In a few weeks we’ll be offering a set of Agincourt postcards–images of buildings and people–for gift-giving this year. Proceeds will support a scholarship in our NDSU department. But my real hope is that some of these cards will find their way to Ebay; that ultimately “…people might actually believe Agincourt really exists.” Everything I do is motivated by that wish. And what I can learn along the way.
Saints and other sinners
Twenty-five years ago or thereabouts, someone gave me a religious medal. About an inch and a quarter tall, it is made of aluminum and bears a relief image of Saint Dymphna. Her story is typical for obscure saints, especially females: widowed father (Irish king) sees the light of his late wife in the blush of his daughter’s cheeks; she flees to Belgium with the court jester, is pursued by her father and beheaded when she continues to resist his amorous advances. You know, boilerplate stuff from reality TV. But the manner of someone’s death doesn’t always predict the circumstances of their canonization. In Dymphna’s case her relics preserved in a church at Gheel, Belgium have become associated with miraculous cures. This medal invokes her protection with the words “St. Dymphna pray for us.”

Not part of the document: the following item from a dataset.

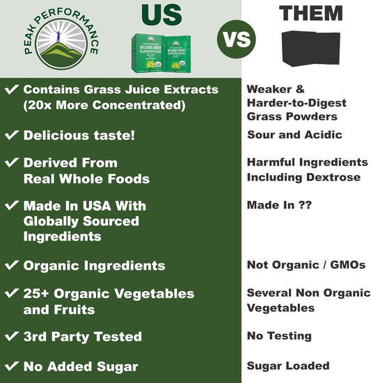 Organic Greens Superfood Powder Single Serve Packets for Peak Performance - 25+ All Natural Ingredients for Max Energy - 20 Pack
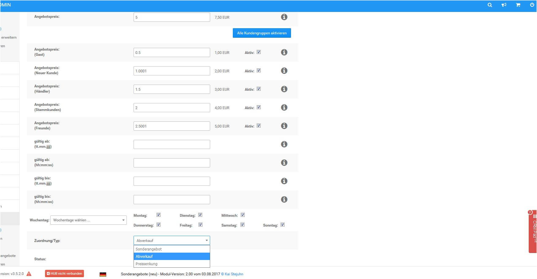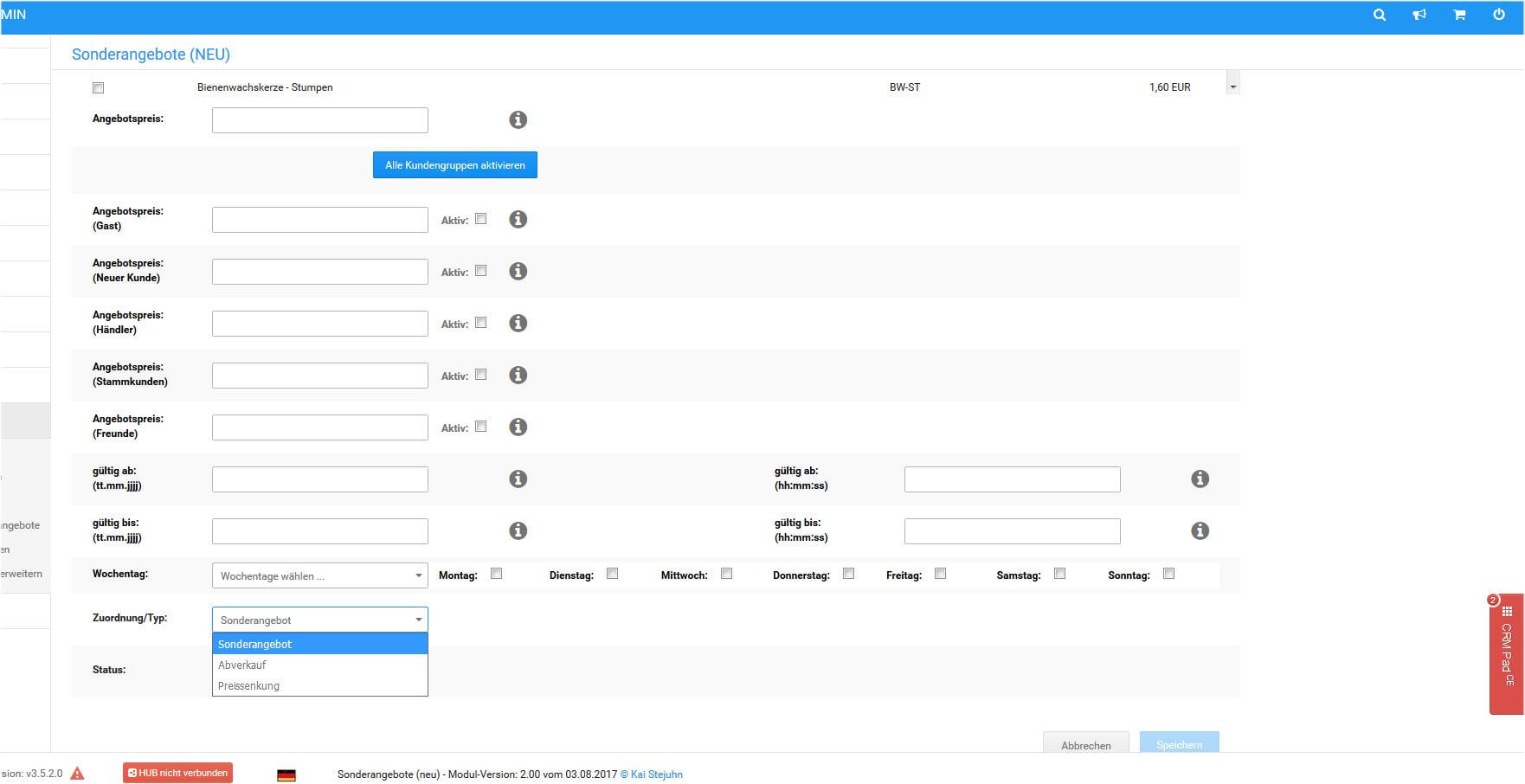 Achtung!! Dieses Zusatzmodul ist nur in Verbindung mit dem Modul "Sonderangebote (GX4)" lauffähig.

Incidentally, Dymphna is the patron saint of the criminally insane.
The original Catholic parish at Agincourt, founded in the early 1860s, would typically have borne the name of a dedicatory saint. Many such saints names have ethnic or national connections. Saint David, for example, is the patron saint of the Welsh; Saint Patrick of the Irish; Saint George of the English. Churches dedicated to Saint Augustine frequently serve African congregations, since he had been Bishop of Hippo on the Mediterranean coast of present-day Tunisia. Nineteenth-century Catalan architect Antoni Gaudi is likely to be sainted within the next few years. But there are a large number of canonized lives much less familiar; one might say obtuse. This is especially true in rural Europe where local saints continue to be venerated by their neighborhood populace–and there alone. When was the last time you invoked the name of Blaise, Mungo or Procopius? As a once and former adherent of the Church of Rome, I continue to be fascinated by the sanctity claimed for a relative few of our species.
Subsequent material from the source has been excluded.